Ansonsten schau ich auch noch einige andere die Retro Lps machen wie Doom, Duke3d usw. 
Gibt eigentlich keinen Tag wo net auf nem Monitor hier ein Lp nebenher lauft


----------



## DrWaikiki (2. März 2013)

Ich schau immer mal wieder Pietsmiet, ShuffleLP, Spark und ungespielt.

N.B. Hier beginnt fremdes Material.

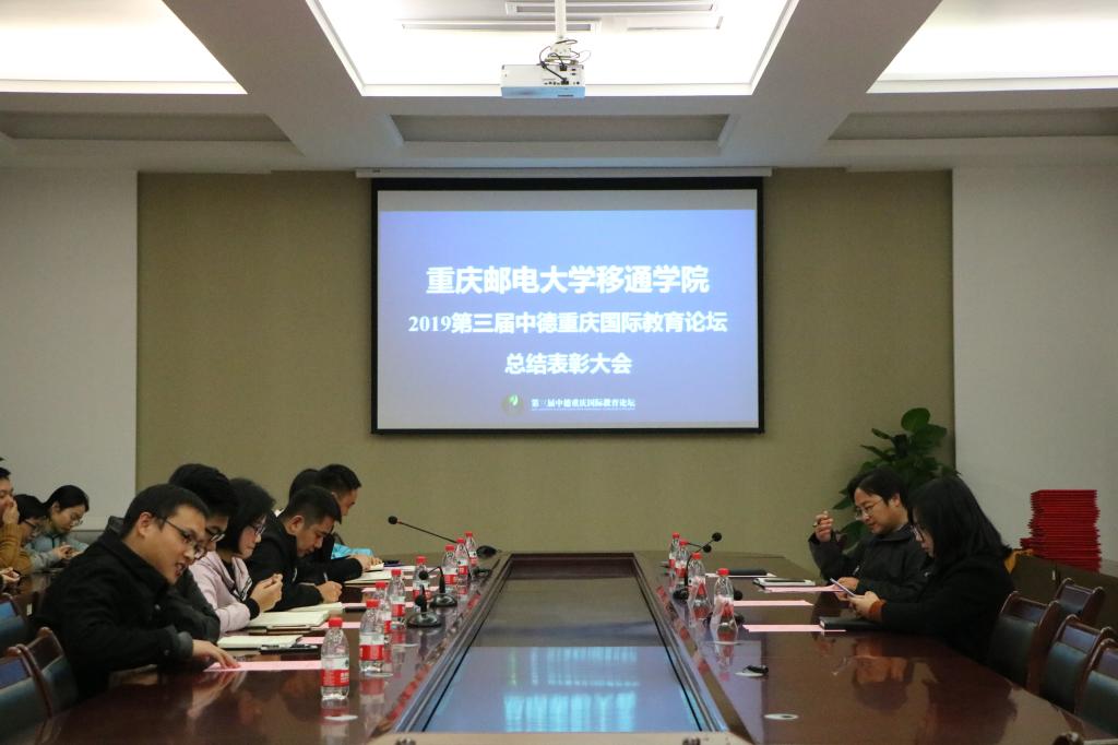 国际处副处长毛敏从聚力论坛筹备、聚焦论坛亮点、聚听论坛心声、聚合论坛经验四个方面对本届论坛进行总结汇报。据汇报,第三届中德重庆国际教育论坛自2018年10月启动筹备,经历了整整一年的准备时间,通过全面启动、全方位推进、全力冲刺三个阶段稳扎稳打,细致严谨推进论坛筹备工作。与往届相比,本届论坛呈现出六大亮点,亮点一:论坛规模再扩大,开启应用技术大学教育新篇章。本届论坛吸引了中外参会单位120家400多位嘉宾,12个议题、32个专题报告、5个分会论坛,与往届相比规模更大,参与人数更多,主题更加聚焦。亮点二:论坛主题有聚焦,深入交流共享人才培养新经验。紧扣全国高等学校本科教育工作会议、全国教育大会主题,议题比往届增多,体现出新时代新形势对高等教育的新要求。亮点三:立足学校“四位一体”发展战略,内容丰富提升国际交流新品牌。围绕国际商学院(FBS)、国际商学院专家委员会、德国课程体系研究中心的成立及建设为主题的商科分论坛,为移通学院的商科教育注入了国际力量,搭建了国际平台,进一步促进了国际交流与合作。亮点四:首次邀请优秀校友作主题分享,展现合作办学的质量和成果。开幕式上邀请到中德学院2011级电子信息工程专业、曾赴德留学校友、现任北京英博刻公司创始人兼CEO刘英杰作主题分享。亮点五:分论坛走进书院,论坛国际化与书院古典美相得益彰。亮点六:论坛组织有温度,用热情和细节彰显移通独特风采本届论坛在总结吸取前两届经验的基础上,提前部署,周密组织、保证了接待服务质量、提高了与会嘉宾的满意度。论坛结束后,组委会的工作人员纷纷收到来自国内外参会嘉宾们的积极正面反馈,表达对论坛组委会的感谢和赞许,对我们的会务组织的各方面给予了高度评价和肯定。更得到党报头条、中新网、搜狐网、华龙网、今日头条、重庆青年报、重庆晨报等几十家外媒报道。

Sonst guck ich auf Youtube eher so Videos von LeFloid, Smosh, iBlali etc.


----------



## darthnerd (4. März 2013)

Gronkh musst schon immermal sein^^
Zurzeit schaue ich aber The Walking Dead an


----------



## bofferbrauer (7. März 2013)

Seltenst schaue ich mir let's plays an; dazu fehlt mir (leider) die Zeit 

Wenn, dann meist auch nur von Uralten Spieleperlen, vor allem Rollenspiele


----------



## Troollin (10. März 2013)

Ich schaue mir gerne mal Lets Plays von Spielen an, die ich mir eventuell anschaffen möchte (Dann aber nur die ersten max. 45 Min) oder die ich selbst auf keinen Fall kaufen werde (Wenn die Lets Player gut sind). 
Jedoch muss ich dazu sagen, dass es immer weniger wird. Dies liegt jedoch zum größten Teil an zwei Punkten:

1. Die Lets Player setzen auf Quantität statt Qualität. Das fiel mir bspw. bei PietSmiet auf. Früher habe ich es gern geschaut, aber mit zunehmender Abonnentenzahl, nahm (!!Meiner Meinung nach!!) leider die Qualität ab. 
2. Habe ich das Gefühl das bei zunehmender Abonnentenzahl manche Lets Player irgendwie leicht vom Boden abheben. 

Einige hier werden bspw. auch auf die "Last Man Standing" Geschichte aufmerksam geworden sein. Fabian Siegesmund sagte in einem Video, dass MyVideo dazu Einschaltquoten genannt habe, die man sich im TV nur wünschen würde (Scheinbar außerordentlich hoch). Ich muss natürlich zu geben, dass ich den Abend wieder drüber gestolpert bin und mir dachte "Schau doch mal kurz rein." - Jedoch war es für mich nicht anzuschauen. Der größte Kritikpunkt war bei weitem, dass die "Regie" es scheinbar nicht gebacken bekommen hat, die Leute unter eine Haube zu bekommen. 12 Mikrofone gleichzeitig an - 12 Leute die alle gerne reden. Das war ein reines Chaos. Selbst wenn Leute nicht im "Mittelpunkt" waren, wurde das Mikro nicht deaktiviert. Da kann ich natürlich auch nachvollziehen, dass die "Moderatorin" es nicht geschafft hat, Ordnung hinein zu bringen.
Aber jetzt schweife ich mittlerweile zu weit ab.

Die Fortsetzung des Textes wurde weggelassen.